• _ABOUT THIS EXERCISE_:
Apart from the images, output the data below exactly.

• _EXERCISE MATERIALS_:
════════
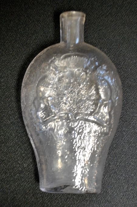 Schwedische Taschenlerche aus Klarglas, 19. Jahrhundert. Mit schwedischem Wappen und Eichenlaub- und Eichelnmotiv. Länge: 17,5 cm.Bestellnummer: 28683
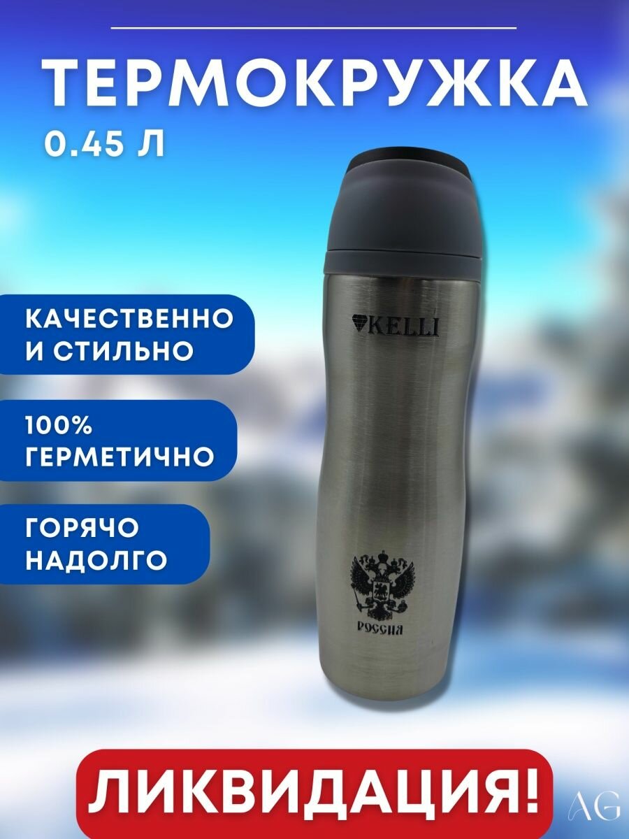 Термокружка Kelli KL-0970, 0.45 л, серебристый
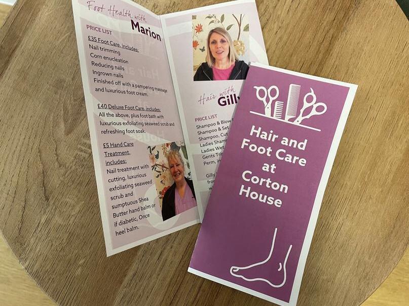 Residents in Corton House now have a choice of two visiting hairdressers and three visiting chiropodists - details of which can be found in our new Hair & Foot Care leaflet (pictured below) which has been distributed to all residents
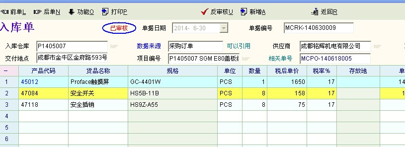 我的入库单里怎么没有单价税率这些?
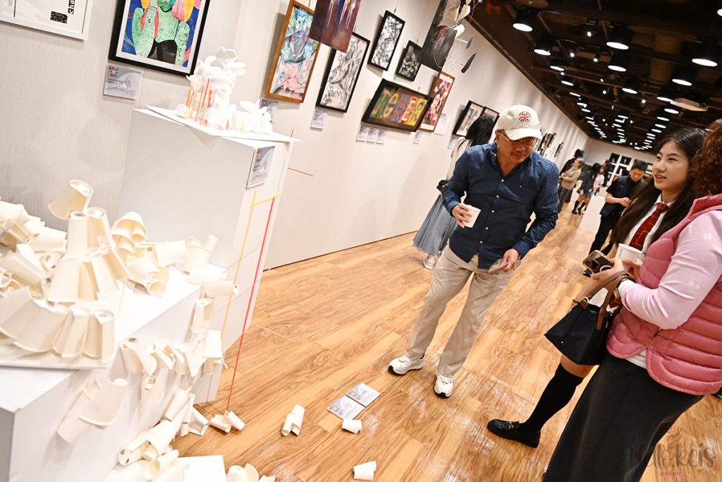 此次展覽延續跨校區聯展形式,集結秀岡、青山與新竹校區作品,其中青山校區展出6件、新竹校區展出5件於全國學生美術比賽中獲獎的作品。青山校區教務處主任陳宥璇表示,不同年齡層作品同場展出,有助學生理解能創作隨學習經驗逐步發展的過程。
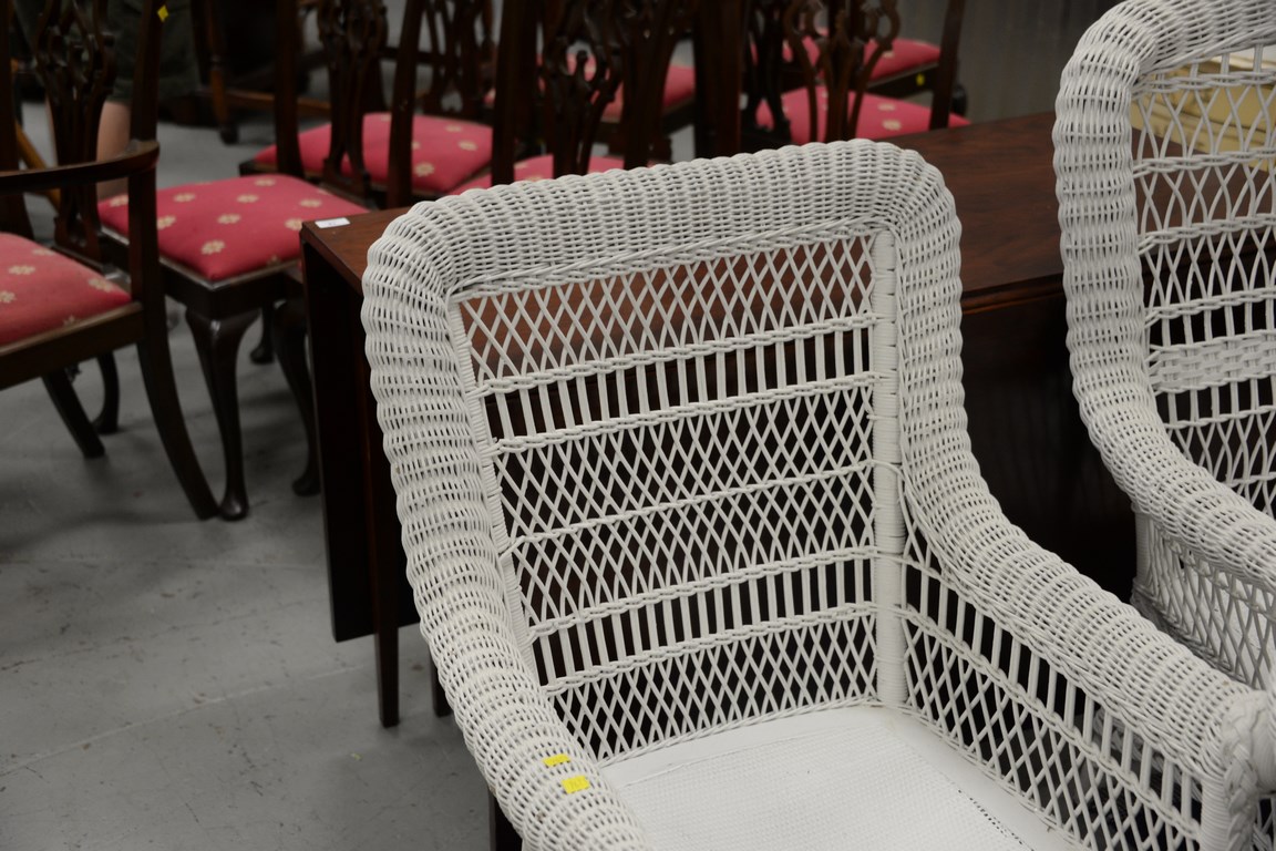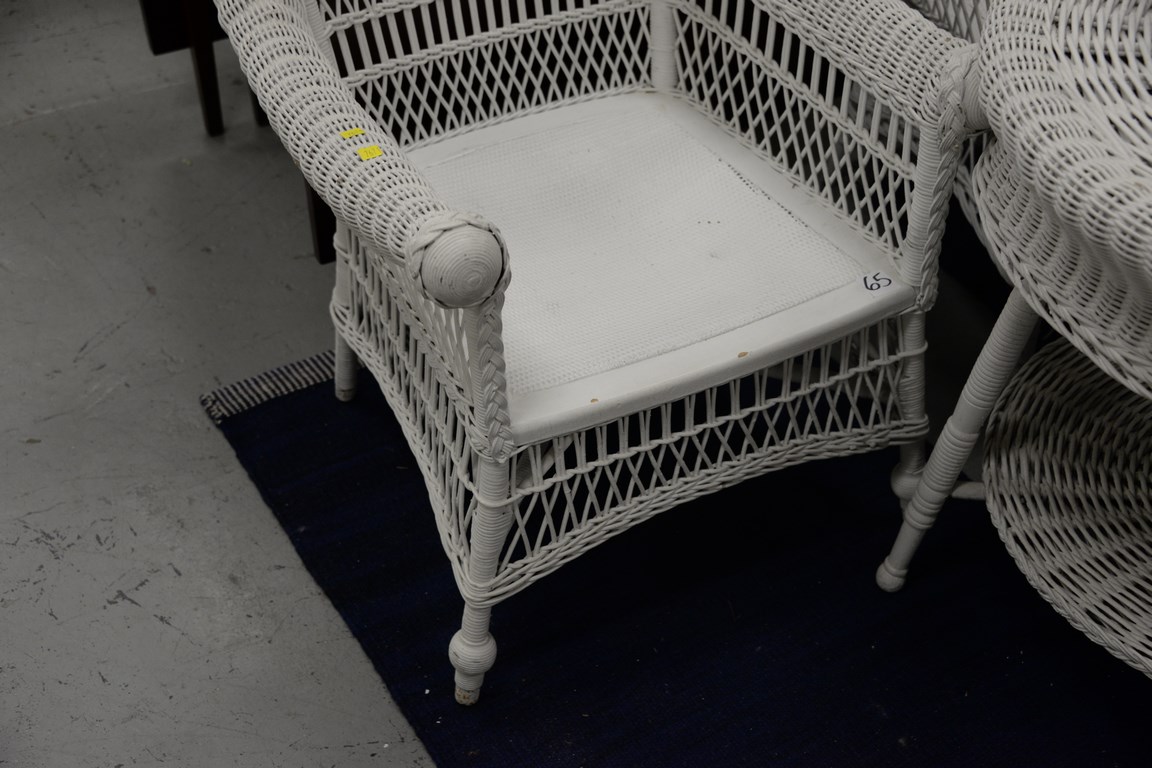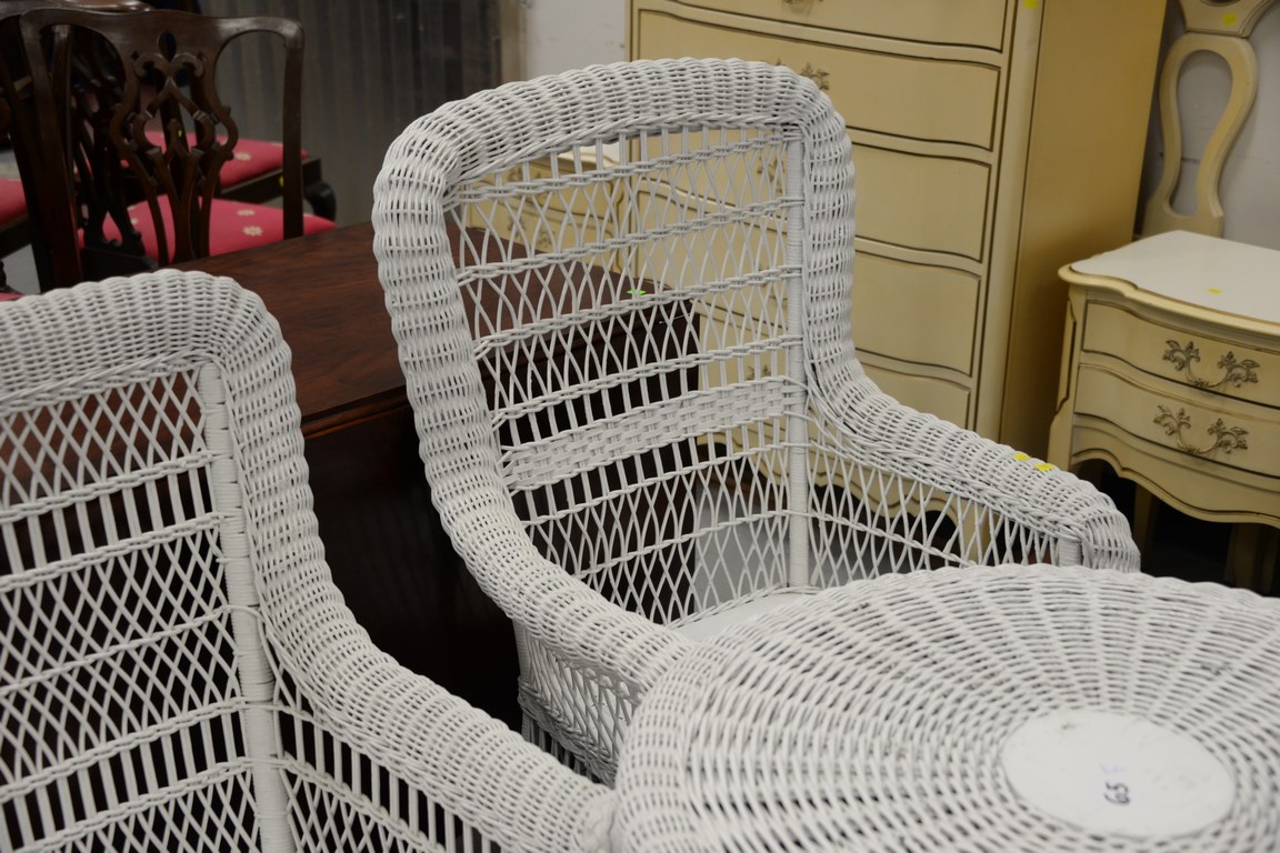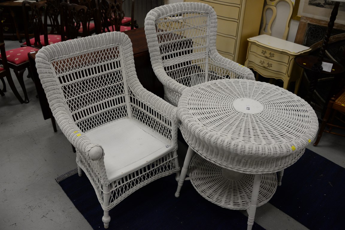Lot 65: Three piece lot including two wicker chairs and round wicker table minor imperfections. table: dia. 31 in.
════════
• _YOUR RESPONSE_:
 Schwedische Taschenlerche aus Klarglas, 19. Jahrhundert. Mit schwedischem Wappen und Eichenlaub- und Eichelnmotiv. Länge: 17,5 cm.Bestellnummer: 28683
 Термокружка Kelli KL-0970, 0.45 л, серебристый
 Residents in Corton House now have a choice of two visiting hairdressers and three visiting chiropodists - details of which can be found in our new Hair & Foot Care leaflet (pictured below) which has been distributed to all residents
 我的入库单里怎么没有单价税率这些?
 此次展覽延續跨校區聯展形式,集結秀岡、青山與新竹校區作品,其中青山校區展出6件、新竹校區展出5件於全國學生美術比賽中獲獎的作品。青山校區教務處主任陳宥璇表示,不同年齡層作品同場展出,有助學生理解能創作隨學習經驗逐步發展的過程。
Lot 65: Three piece lot including two wicker chairs and round wicker table minor imperfections. table: dia. 31 in.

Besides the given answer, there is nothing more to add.